Так воспринимал все это Коля Мухин, потому что был зрителем. Для евреев же это были черные дни. После ленинградского процесса и двух смертных приговоров активисты-сионисты хвост поджали, косы повесили. Стало немного жутко: советская власть показала коготки.

Что уж говорить о простых смертных, вроде меня. Честно признаюсь, я ждал погромов. Мне в троллейбусе одна пьяная харя плюнула в рожу, прямо на мой еврейский нос. И хоть бы кто вступился. Наоборот, очень многие вслух выразили свое одобрение. Будь там Коля Мухин, мы бы вдвоем разнесли весь троллейбус, а одному заводиться — гиблое дело при моем сложении. Да еще с ранением в голову.

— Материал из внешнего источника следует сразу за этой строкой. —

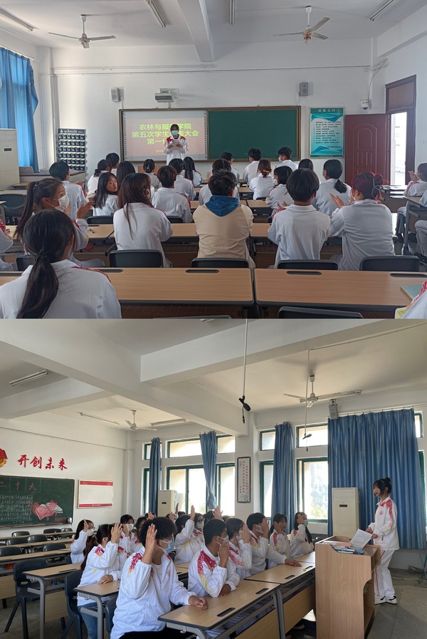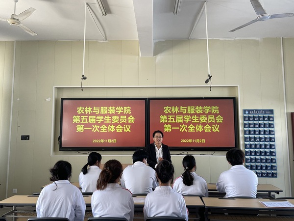 11月2日,农林与服装学院第五次学生代表大会在二号教学楼316教室顺利召开。学院党总支副书记许咏梅、团总支书记唐玲、校学生会主席王梦辉及各分团代表共五十余人参加大会,大会在庄严的国歌声中开幕。

Мои клиенты, из евреев, которые до Ленинградского процесса очень бурно переболели сионизмом, излечились от этой болезни вмиг и теперь, садясь в мое кресло, больше не делились последними новостями «Голоса Израиля» и не выли от восторга при каждой удачной атаке «наших» против Ливана или Иордании. Они вжимались в кресло, чтобы никому не мозолить глаза, и их еврейские носы, казалось, норовят утонуть в мыльной пене.

А радио из заграницы пугало предсказаниями. что советская власть расправится с евреями. как Бог с черепахой, и сионистскому движению в России предрекали близкий конец.

Даже Коля Мухин приуныл:

— Ах, собаки, ах, сучье племя! — сокрушался он с похмелья. — Ну, и сила же у них, если даже евреев смогли поставить на место. Все! Придушили! Поиграли, мол, и хватит. Запомни, Аркадий, цапаться с советской властью — это все равно, что плевать против ветра. Себе дороже. И твои евреи ничем не лучше других. Теперь сиди смирно. молчи в тряпочку. Пошли, найдем кого-нибудь, сообразим на троих.